According to an overall frame option agreement signed in July 2007, Scandorama was to acquire Ölvemarks in a three-step process. Scandorama would acquire 10 percent of the shares in Ölvemarks in 2008, an additional 10 percent in 2009 and the remaining 80 percent in 2010. Scandorama acquired the initial 20 percent of the shares in Ölvemarks according to the step plan. Due to Scandorama’s difficult financial position, Scandorama never acquired the remaining 80 percent. Instead, Ölvemarks acquired Scandorama in June 2009.

The District Court confirmed that should the cooperation between Scandorama and Ölvemarks confer control (sole or joint) by Scandorama over Ölvemarks and, thus, constitute a concentration under the merger control provisions in the Act, the prohibition against anti-competitive cooperation in the Act would not be applicable. As such a concentration did not meet the turnover thresholds in the Act, it was not notifiable to the SCA and the stand-still provision (prohibiting the implementation of a concentration) would not be applicable.

However, the District Court found that the overall frame option agreement did not confer any sole control by Scandorama over Ölvemarks. This was primarily due to the uncertainty of the options being exercised by Scandorama which would lead to the acquisition of 80 percent of Ölvemarks. Indeed, this was also verified by the fact that they were never fully exercised (Scandorama only acquired 20 percent of the shares in Ölvemarks). Further, the District Court found that the minority shareholding (20 percent) acquired by Scandorama in Ölvemarks did not confer any joint control by Scandorama over Ölvemarks. The rights afforded to this minority shareholding did, in the District Courts’ view, not constitute veto rights over important business decisions in Ölvemarks (such as e.g. the budget, business plan and nomination of management) but rather typical minority shareholding protection rights which did not confer any joint control. The District Court finally found that the parties had not been able to demonstrate the existence of an oral agreement between Sandorama and Ölvermarks which, in their view, together with the minority rights would confer joint control by Scandorama over Ölvemarks.
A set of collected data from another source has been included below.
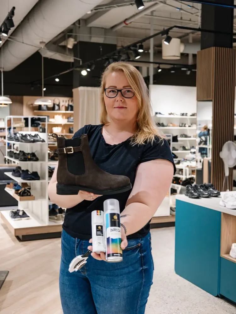 Eurosko er en annen butikk på senteret med stort fokus på bærekraft og miljø. De har i tillegg til et stort utvalg sko alt du trenger for å ta vare på skoene dine. De anbefaler å pleie skoene slik at de varer lenger og anbefaler også å reparere fremfor å kjøpe nytt hver gang. Det er for eksempel viktig å benytte skopleie forebyggende. Jevnlig bruk av skokrem og impregnering gjør skoene mer holdbare.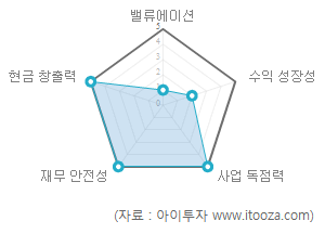 재무 안전성은 높아 안전한 편이며 소비자 독점력이 높아 경기 변동에 관계 없이 현재의 수익성을 유지할 가능성이 높다.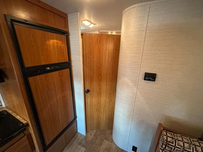 The rear bedroom is very spacious and has a comfortable queen bed, nightstand, and wardrobe. Easily close off the bedroom from the rest of the motor home with the accordion door for a bit more privacy.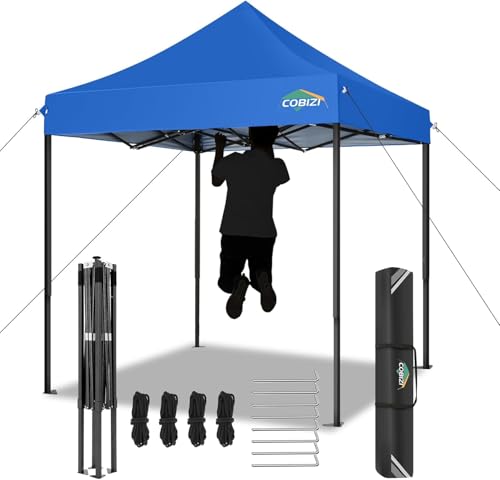 COBIZI 2x2m Tonnelle de Jardin Pliante Imperméable UV Protection Tente de réception Réglable en Hauteur Gazebo pour Mariage, Festival, Fête, Inclus Sac de Transport, Bleu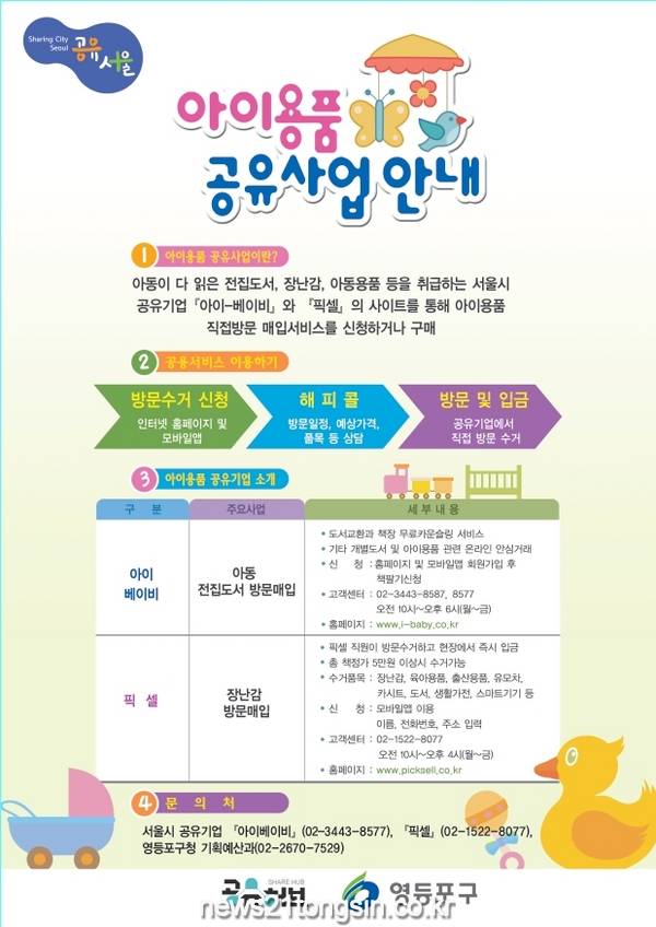 아이용품 공유사업은 0~13세 어린이들이 성장해서 더 이상 쓰지 않는 아동전집이나 장난감 등 아이용품을 서울시 지정 아이용품 공유기업에 제공하고 필요한 물품이 있을 경우 저렴하게 구매하는 것이다.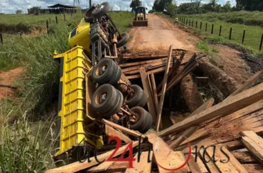 Um caminhão caçamba caiu em um igarapé na manhã deste domingo, 25, após uma ponte improvisada de madeira desabar durante a travessia. O acidente ocorreu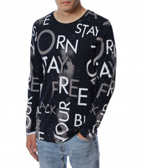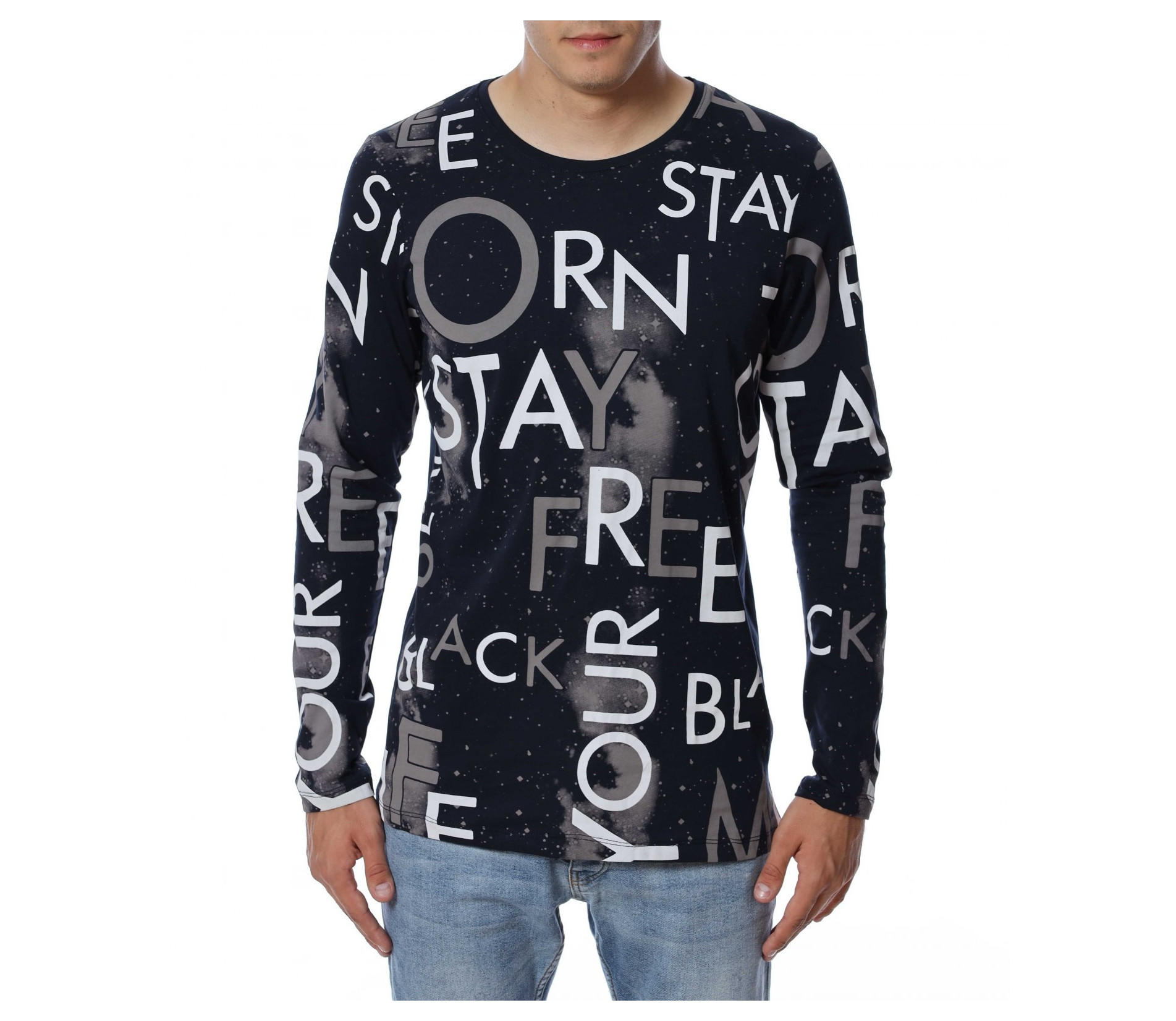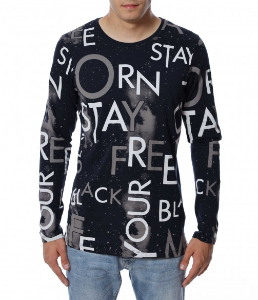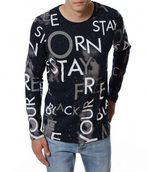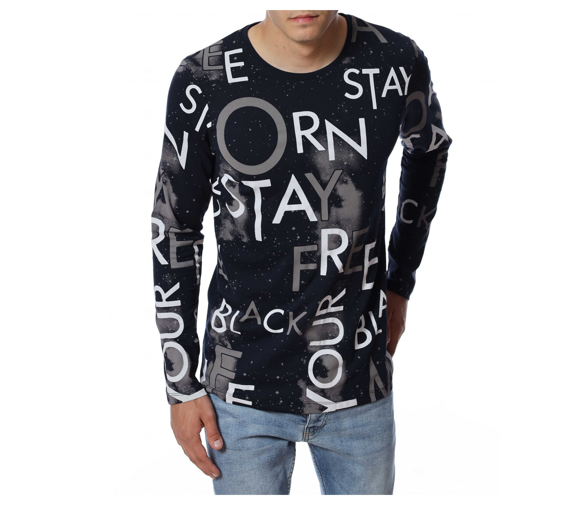 Мъжка блуза с дълъг ръкав и нестандартен принт в предната част и на ръкавите. Декорацията се състои в различни думи, които са разпръснати по цялата дължина и придават ефектен вид на дрехата. Задната част е изчистена от елементи. Кройката следва линиите на тялото. Комбинирайте с дънки, панталон, кецове, удобни обувки и любим аксесоар.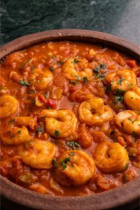 (Creveti, ulei de masline, usturoi, sos de citrice, coriandru, mustar, castravete, ceapa, ardei iute)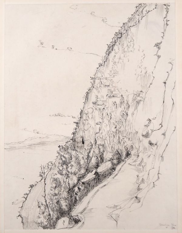 Louis Robert BATE (1898-1948, grand prix de l'Indochine en 1938). "Pagodes dans la montagne chinoise". Dessin à l'encre de Chine situé en bas à droite et daté 1941. Dim. 58 x 44 cm.
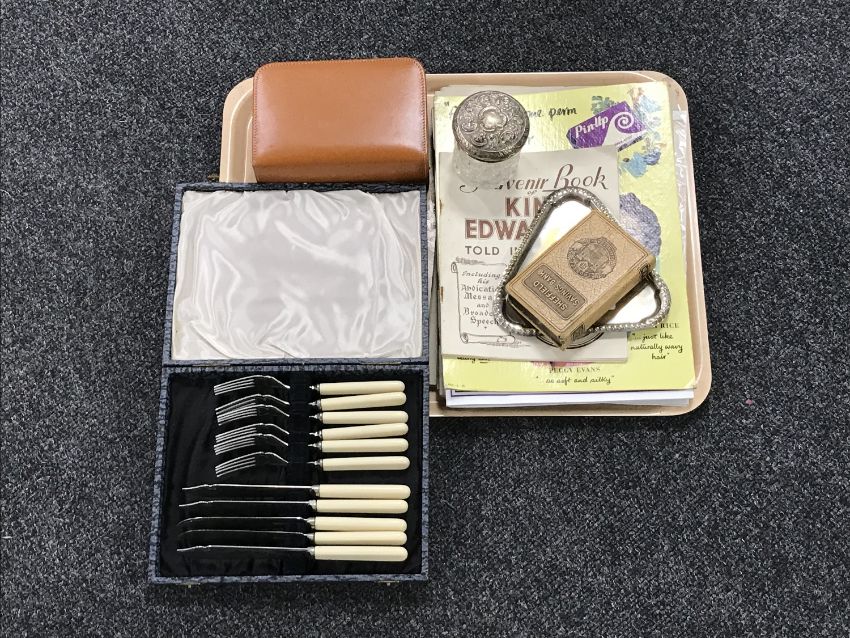 A tray of stainless steel cutlery, dressing table pot and plated tray, money box, three WWII era theatre scrap books, gent's travel set, signed Wimbledon programme etc, together with a vintage school anatomy poster

As regards the amount of the fine, the District Court held that violation had been committed out of negligence rather than intent and that the parties had cooperated during the investigation. Therefore, the District Court reduced the administrative fine by 30 percent, to a total of MSEK 11.4, of what the SCA claimed.

Possible amendments of the Swedish Competition Act

On 26 April 2012, the Swedish Government appointed a committee chaired by Mr Severin Blomstrand, Justice of the Supreme Court in Sweden, to investigate the legislation that governs the powers of Swedish Competition Authority (the “SCA”) under the Swedish Competition Act (the “Act”) with the overall purpose of considering effective enforcement of the Act.

The committee is appointed to investigate matters including the following:

  • whether there are reasons to introduce provisions that enable the SCA to interrupt applicable deadlines in respect of the review of concentrations (i.e. “stop-the-clock”);
  • the functioning of the Swedish leniency program and consider the need of implementing a “marker system” for leniency applicants;
  • whether the current legislation sufficiently provides for the SCA’s needs for cooperation during dawn raids; and
  • whether there is a need to regulate the SCA’s working methods when it seizes digital material from the companies for the purposes of examining such material elsewhere than at the premises of the company.

The committee shall present its findings by 6 March 2013.